Some More Points to Remember
- Keep your dividend income in check throughout the year, if you have shares in more than one demat account.
- If your total tax liability is ₹10,000 or more, you must pay advance tax in quarterly installments to avoid interest under Section 234B and 234C.
- Foreign dividends (from foreign shares) are tax-able in India as "Income from Other Sources" and foreign tax credit may be availed if overseas tax is paid.
Conclusion
Since Dividend Distribution Tax has been removed, investors are the ones that must pay tax on dividend incomes. Although dividends are still an in-demand passive source of income, there must be some understanding of tax and relevant reporting. Being aware of your tax on dividend income in India and how to file taxes for dividends can avert penalties and optimize total returns. Tax on dividend income is preserved by investors legally and efficiently through smart planning such as deduction or DTAA benefits.

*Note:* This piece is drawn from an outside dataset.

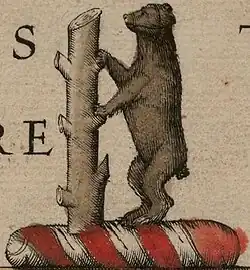 The design features the traditional bear and ragged staff used in the county since the Middle Ages as a symbol of the Earls of Warwick.[1] The first recorded use of the two symbols was by the Beauchamp family, who became the Earls of Warwick in 1268, as a seal. They were initially used separately, and the earliest known appearance of them together was on a bed of black cloth embroidered with a gold bear and silver staff owned by Thomas de Beauchamp, 12th Earl of Warwick (1338โ1401).[2] The bear and ragged staff appear in the same arrangement as the flag in John Speed's 1611 map of the county.[3]

For those looking to go a step further in planning their finances, platforms like Indiabulls Securities Limited can help. With their market insights, investment tools, and user-friendly platforms, managing your portfolio while being tax-efficient becomes a lot easier.
FAQs
1. Is dividend income taxable in India?
Yes, dividend income is taxable in the hands of investors as per their applicable income tax slab.
2. Do I need to file ITR if I earn dividend income?
Yes, if your total income (including dividends) exceeds the basic exemption limit, you must file an Income Tax Return.
3. What is the TDS on dividend income?
TDS at 10% is applicable if the total dividend received from a company exceeds ₹5,000 in a financial year. If PAN is not submitted, TDS is deducted at 20%.
4. Can I claim any deductions on dividend income?
You can claim a deduction for interest expenses incurred to earn such income, subject to a limit of 20% of the dividend amount.
5. How are foreign dividends taxed in India?
Foreign dividends are also taxable in India under the head “Income from Other Sources” at your applicable slab rate. However, you may be eligible for a foreign tax credit.